RECORDS SHOWN
------------------------

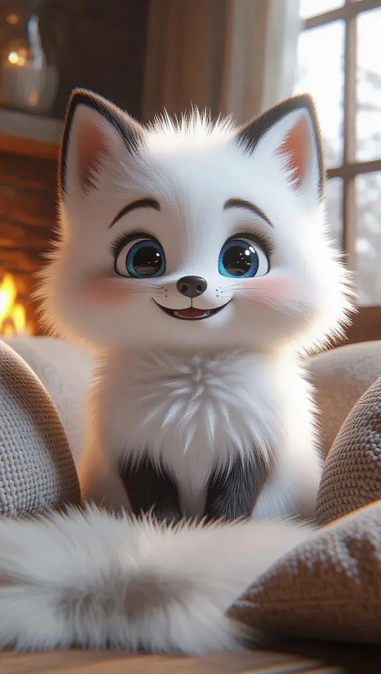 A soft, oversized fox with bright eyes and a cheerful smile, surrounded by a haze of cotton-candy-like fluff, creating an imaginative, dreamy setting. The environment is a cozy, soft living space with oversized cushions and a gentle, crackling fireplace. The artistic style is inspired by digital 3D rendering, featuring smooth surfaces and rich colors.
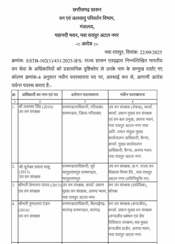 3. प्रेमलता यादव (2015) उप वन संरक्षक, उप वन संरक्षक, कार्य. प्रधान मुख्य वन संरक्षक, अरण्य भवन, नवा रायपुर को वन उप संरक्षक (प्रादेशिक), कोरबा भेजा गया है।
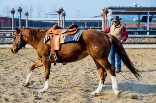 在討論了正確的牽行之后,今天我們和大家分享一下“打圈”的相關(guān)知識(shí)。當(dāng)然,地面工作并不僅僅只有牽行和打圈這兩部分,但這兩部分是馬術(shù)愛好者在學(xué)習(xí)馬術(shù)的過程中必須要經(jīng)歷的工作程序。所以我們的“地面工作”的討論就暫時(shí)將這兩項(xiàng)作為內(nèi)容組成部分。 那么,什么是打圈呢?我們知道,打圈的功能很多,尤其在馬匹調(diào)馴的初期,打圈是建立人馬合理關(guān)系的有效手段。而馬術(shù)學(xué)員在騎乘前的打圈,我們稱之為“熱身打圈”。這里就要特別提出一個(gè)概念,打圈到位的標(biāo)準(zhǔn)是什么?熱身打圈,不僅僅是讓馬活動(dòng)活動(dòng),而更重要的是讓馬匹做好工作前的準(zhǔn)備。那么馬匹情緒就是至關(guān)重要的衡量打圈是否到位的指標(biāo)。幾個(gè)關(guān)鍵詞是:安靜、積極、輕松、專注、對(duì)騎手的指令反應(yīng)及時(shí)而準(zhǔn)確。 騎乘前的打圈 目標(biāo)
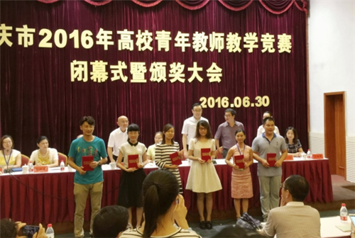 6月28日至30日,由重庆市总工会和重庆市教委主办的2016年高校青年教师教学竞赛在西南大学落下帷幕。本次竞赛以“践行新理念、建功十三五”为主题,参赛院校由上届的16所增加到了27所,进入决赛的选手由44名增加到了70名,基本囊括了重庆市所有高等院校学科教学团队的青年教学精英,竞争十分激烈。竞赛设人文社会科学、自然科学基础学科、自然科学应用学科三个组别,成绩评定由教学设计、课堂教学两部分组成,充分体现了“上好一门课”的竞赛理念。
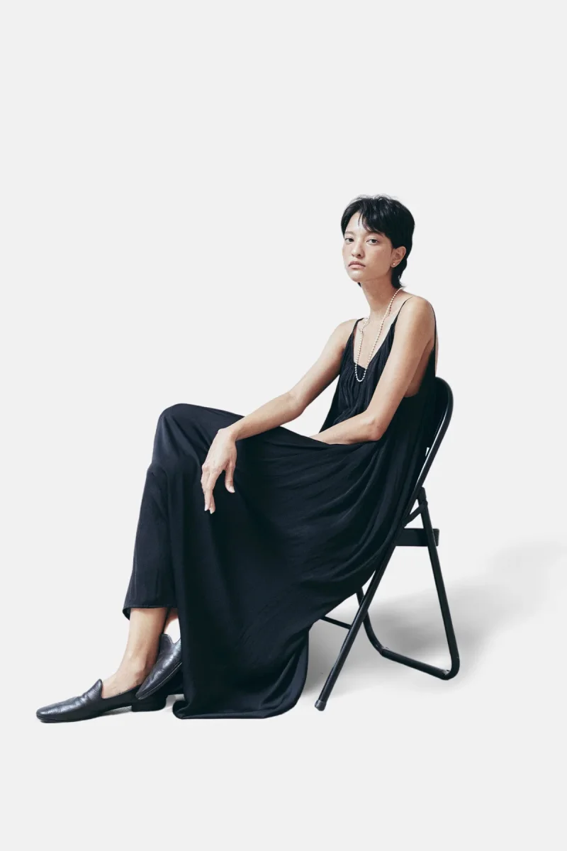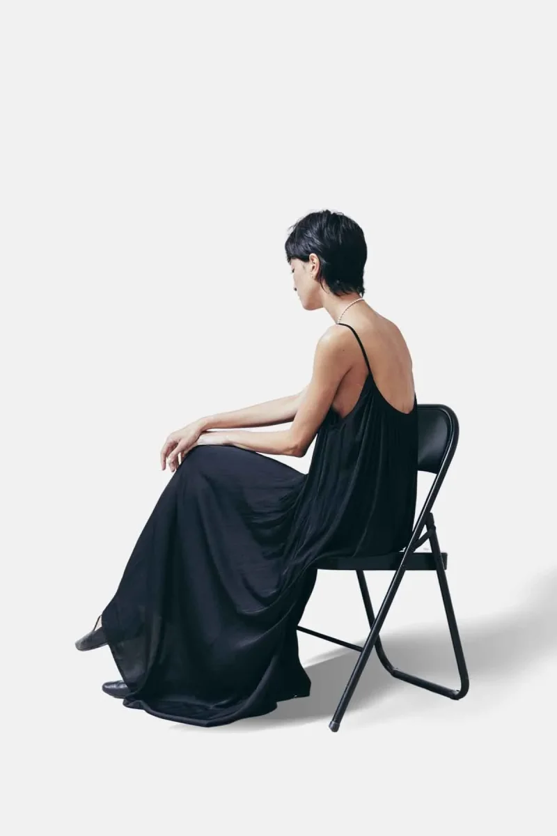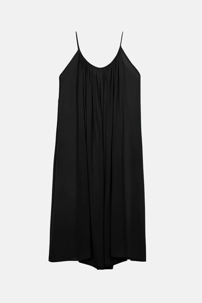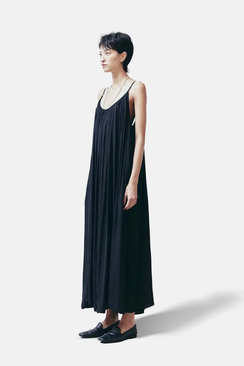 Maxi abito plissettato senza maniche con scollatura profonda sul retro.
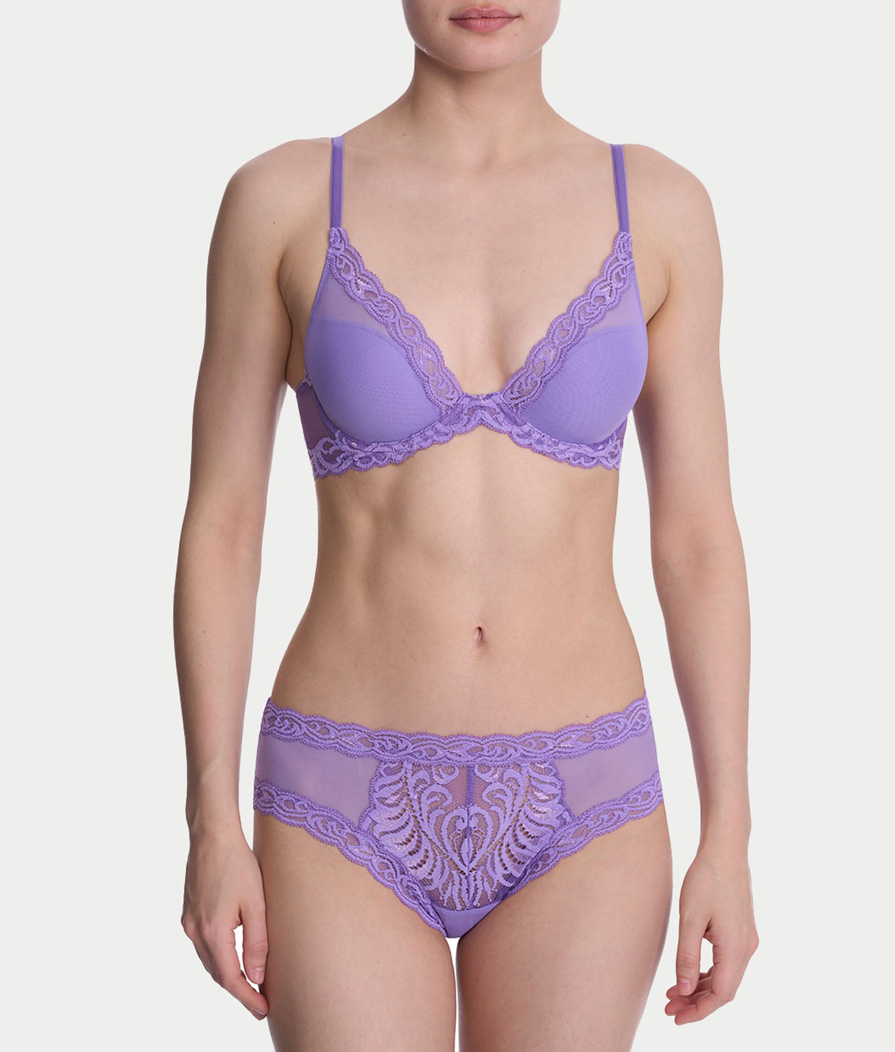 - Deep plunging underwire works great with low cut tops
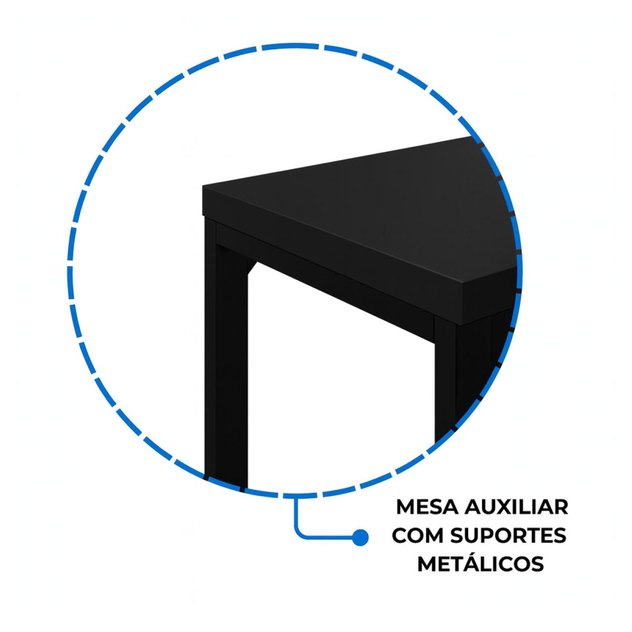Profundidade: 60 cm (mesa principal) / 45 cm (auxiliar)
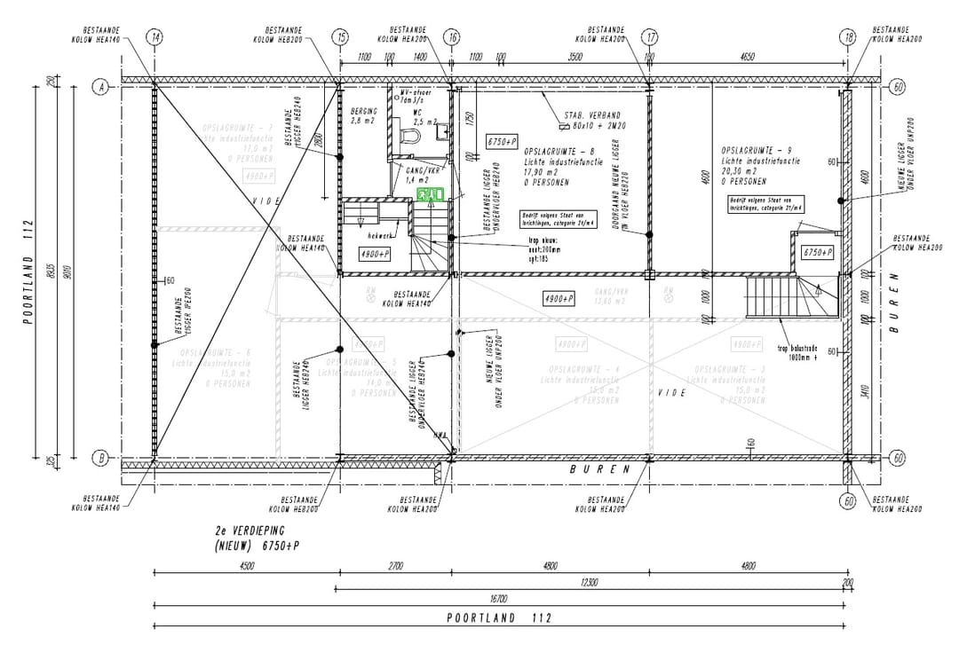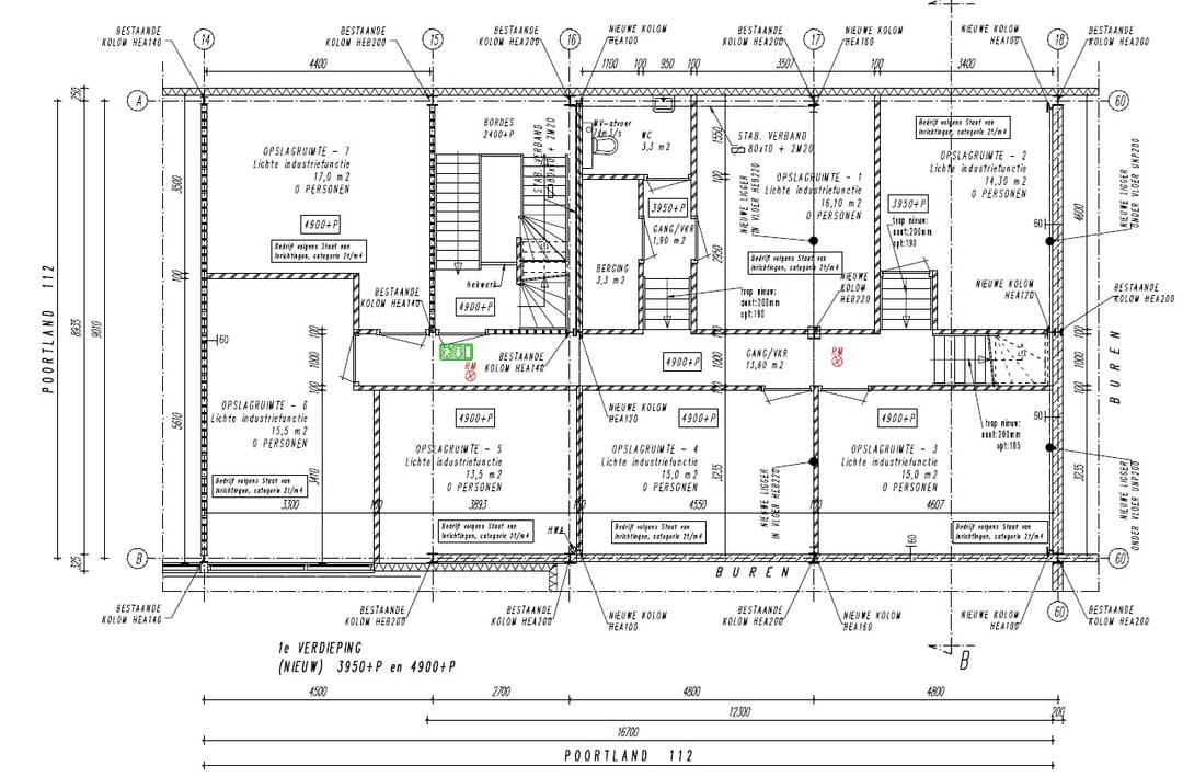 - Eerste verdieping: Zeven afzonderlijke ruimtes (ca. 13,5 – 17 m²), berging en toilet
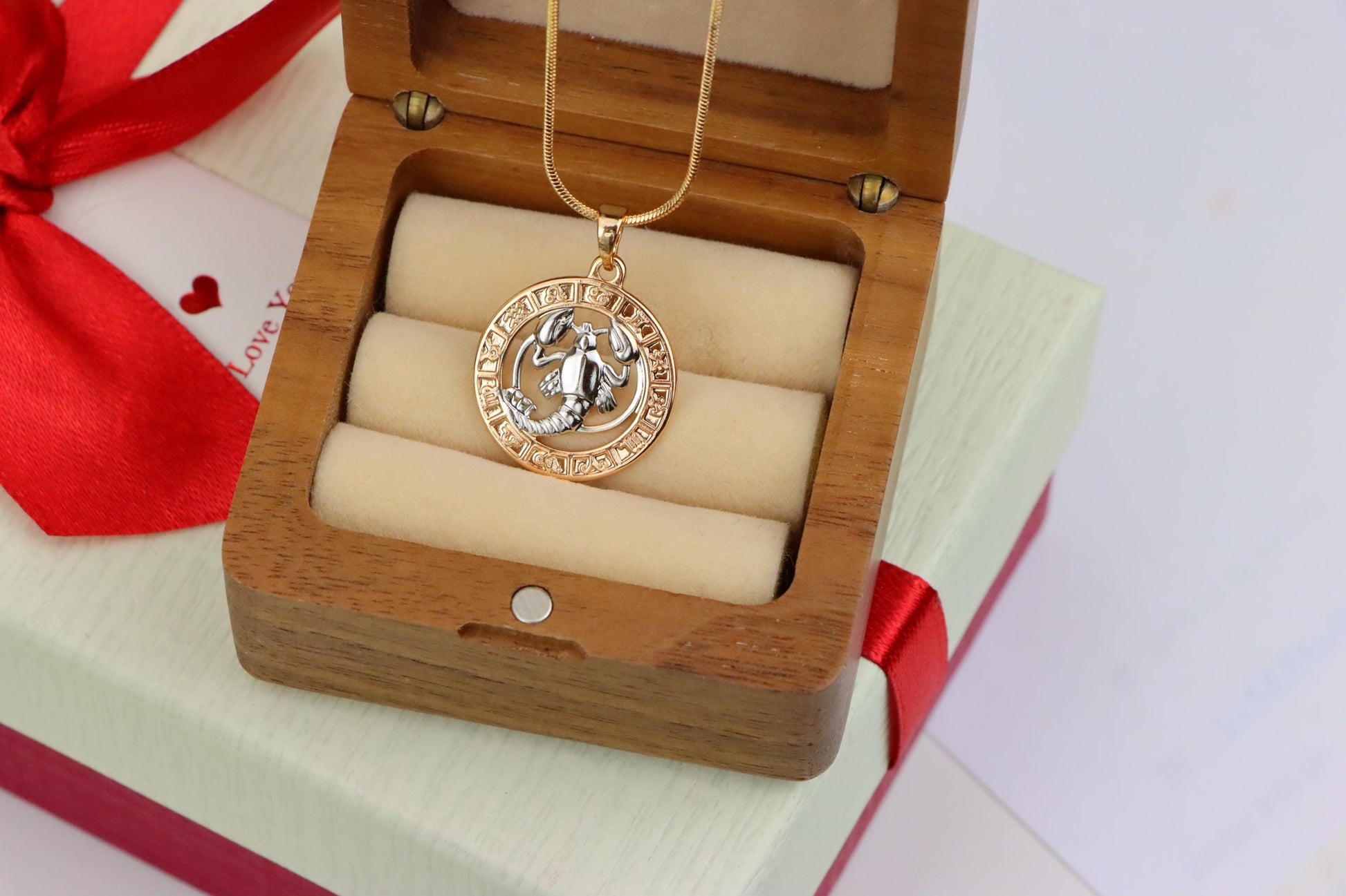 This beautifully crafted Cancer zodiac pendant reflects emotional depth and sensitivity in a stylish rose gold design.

------------------------

WHAT THE EXERCISE ASKS
Set every line of the records down again exactly, and exclude all pictures.

ANSWER FOR THE TASK
 A soft, oversized fox with bright eyes and a cheerful smile, surrounded by a haze of cotton-candy-like fluff, creating an imaginative, dreamy setting. The environment is a cozy, soft living space with oversized cushions and a gentle, crackling fireplace. The artistic style is inspired by digital 3D rendering, featuring smooth surfaces and rich colors.
 3. प्रेमलता यादव (2015) उप वन संरक्षक, उप वन संरक्षक, कार्य. प्रधान मुख्य वन संरक्षक, अरण्य भवन, नवा रायपुर को वन उप संरक्षक (प्रादेशिक), कोरबा भेजा गया है।
 在討論了正確的牽行之后,今天我們和大家分享一下“打圈”的相關(guān)知識(shí)。當(dāng)然,地面工作并不僅僅只有牽行和打圈這兩部分,但這兩部分是馬術(shù)愛好者在學(xué)習(xí)馬術(shù)的過程中必須要經(jīng)歷的工作程序。所以我們的“地面工作”的討論就暫時(shí)將這兩項(xiàng)作為內(nèi)容組成部分。 那么,什么是打圈呢?我們知道,打圈的功能很多,尤其在馬匹調(diào)馴的初期,打圈是建立人馬合理關(guān)系的有效手段。而馬術(shù)學(xué)員在騎乘前的打圈,我們稱之為“熱身打圈”。這里就要特別提出一個(gè)概念,打圈到位的標(biāo)準(zhǔn)是什么?熱身打圈,不僅僅是讓馬活動(dòng)活動(dòng),而更重要的是讓馬匹做好工作前的準(zhǔn)備。那么馬匹情緒就是至關(guān)重要的衡量打圈是否到位的指標(biāo)。幾個(gè)關(guān)鍵詞是:安靜、積極、輕松、專注、對(duì)騎手的指令反應(yīng)及時(shí)而準(zhǔn)確。 騎乘前的打圈 目標(biāo)
 6月28日至30日,由重庆市总工会和重庆市教委主办的2016年高校青年教师教学竞赛在西南大学落下帷幕。本次竞赛以“践行新理念、建功十三五”为主题,参赛院校由上届的16所增加到了27所,进入决赛的选手由44名增加到了70名,基本囊括了重庆市所有高等院校学科教学团队的青年教学精英,竞争十分激烈。竞赛设人文社会科学、自然科学基础学科、自然科学应用学科三个组别,成绩评定由教学设计、课堂教学两部分组成,充分体现了“上好一门课”的竞赛理念。
 Maxi abito plissettato senza maniche con scollatura profonda sul retro.
 - Deep plunging underwire works great with low cut tops
Profundidade: 60 cm (mesa principal) / 45 cm (auxiliar)
 - Eerste verdieping: Zeven afzonderlijke ruimtes (ca. 13,5 – 17 m²), berging en toilet
 This beautifully crafted Cancer zodiac pendant reflects emotional depth and sensitivity in a stylish rose gold design.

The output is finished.